Queen’s Speech: No to austerity, no to deregulation – yes to maximum accountability

21 June 2017 - 11:00am
News

By Mark Dearn, Senior Campaigner at War on Want

In ‘normal’ times the Queen’s Speech represents a test for an incumbent government: state your case for your political program, gain approval from parliament, and start your year’s work in service to the British people.

But in these testing times for an already embattled government, it will go further by laying out the government’s plan for the next two years. And what a body of work it will be, beset by the mammoth task of transferring EU laws into UK law under the ‘Great Repeal Bill’.

Under a shaky government propped up by only the slimmest of majorities, it becomes clear why one official preparing the legislation says: “There’s going to be bloody trouble.”

Brexit and the Great Repeal Bill must remain high on the government’s agenda. But it must not ignore the seismic political shifts and horrific events which have brought renewed public engagement in politics and staunch opposition to an ideologically-driven, political agenda of austerity and deregulation. 

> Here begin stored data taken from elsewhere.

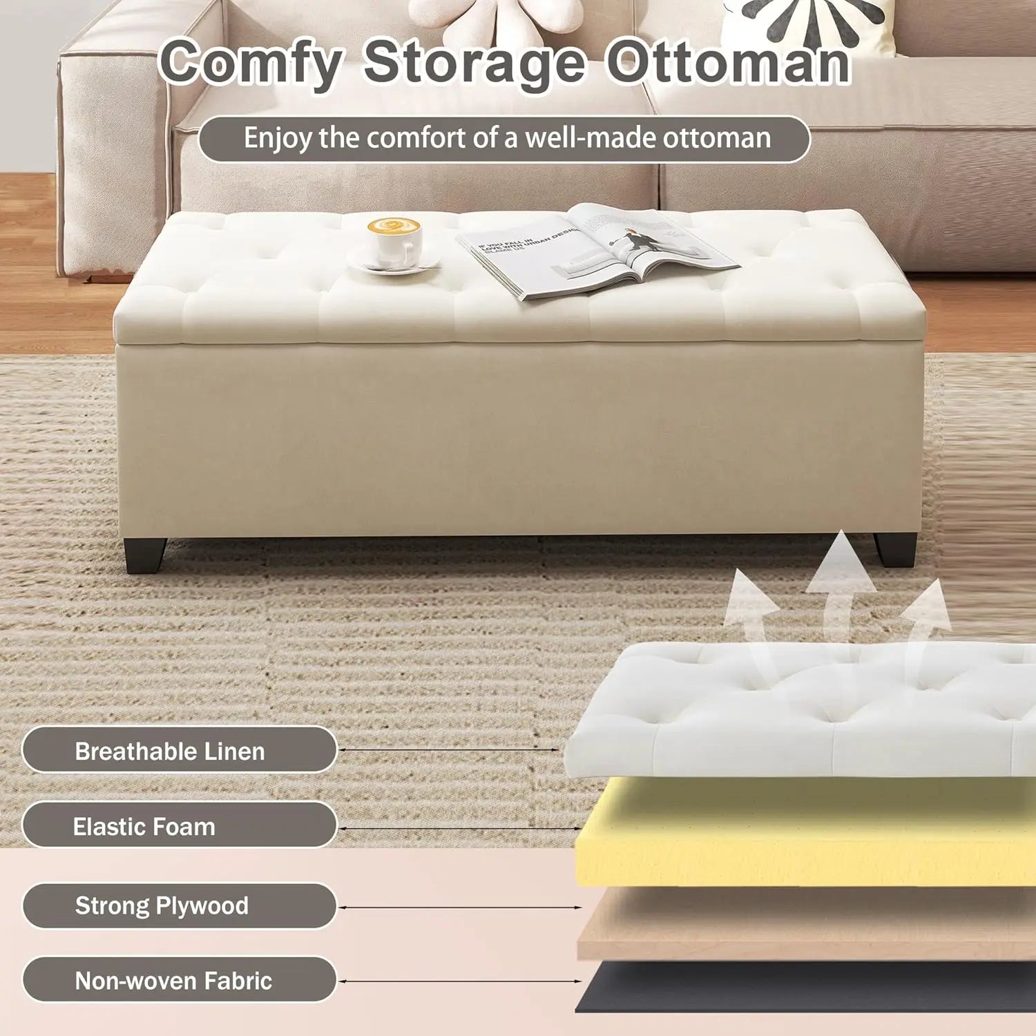 48" Tufted Storage Ottoman Bench with Hinged Lid, End of Bed Bench for Living Room, Bedroom, and Entryway, Beige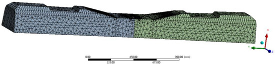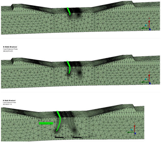 In the experiment, two major cracks were observed at the top fibre of the prestressed concrete sleeper at midspan. Therefore, cracks are created in the small notches on the FE sleeper model according to actual experimental crack positions as shown in Figure 4. The notches are only used for determining crack positions, and the size of notches can be neglected. The notches have no influence on the structural performance of the prestressed concrete sleeper. Crack fronts are specified at the small notches using the node-based named selection. The limit of this simulation is that the crack propagation is symmetrical. Table 3 presents two experimental crack length results, in which the crack length-1 results are selected to compare with the numerical results. Figure 5 presents the simulation of crack propagation in the sleeper model at midspan. A comparison of the crack propagation in the numerical and experimental results is illustrated in Figure 6.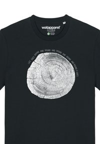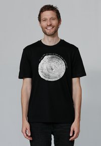 Zwart T-shirt met een zilveren boomring graphic in het midden. Korte mouwen, ronde halslijn, zachte stof en een relaxte pasvorm.

A key issue tied up with the Great Repeal Bill is granting ministers sweeping ‘Henry VIII clauses’, enabling them to scrap laws without the approval of MPs.

This must not be allowed to happen. We need the maximum possible transparency and accountability to ensure any change to our laws is carried out in the full glare of public scrutiny. As commentators note: “one person’s technical amendment is another person’s policy shift”.

Take International Trade Secretary Liam Fox MP and controversial EU-Canada business deal CETA: after five years of secret negotiations on CETA, Fox signed the UK up to the deal by intentionally side-stepping parliamentary scrutiny. He subsequently apologised, but the damage was already done.

And with climate change laws, human rights and workers’ rights yet again on the table, what faith would anyone place in ministers maintaining these fundamental protections under deals done in the dark?

While it now seems in another age, we must not forget now trainee journalist George Osborne’s threat to wage further austerity on the poorest if the UK chose to leave the EU – nor our previous governments’ ideological adherence to slashing any and all public services, whether the NHS, the fire service or community policing. Theresa May has rapidly sought to appropriate the language of the left, but policies including ending free school meals for children simply reinforce the austerity status-quo and the rampant inequality it produces.

As we witness protest after protest on the UK streets, it is clear that more people are mobilising as they see first-hand what War on Want has long said: poverty is political.

We have witnessed a wholesale deregulation of social, health and environmental rules, under the banner of removing ‘red tape’ - anything and everything that gets in the way of big business profits.

But it is ‘red tape’ that can keeps people safe. As the Grenfell Tower tragedy has brought into stark relief, health and safety rules can save lives – they are not, as Boris Johnson ranted, about ‘making Britain a safe place for extremely stupid people

The Queen’s Speech, and any proposed amendments to it, represents a crucial opportunity to carve out a progressive vision for a politically re-engaged country.

And that means a no to austerity and a no to deregulation – but a yes to maximum accountability to the British people over the next two years.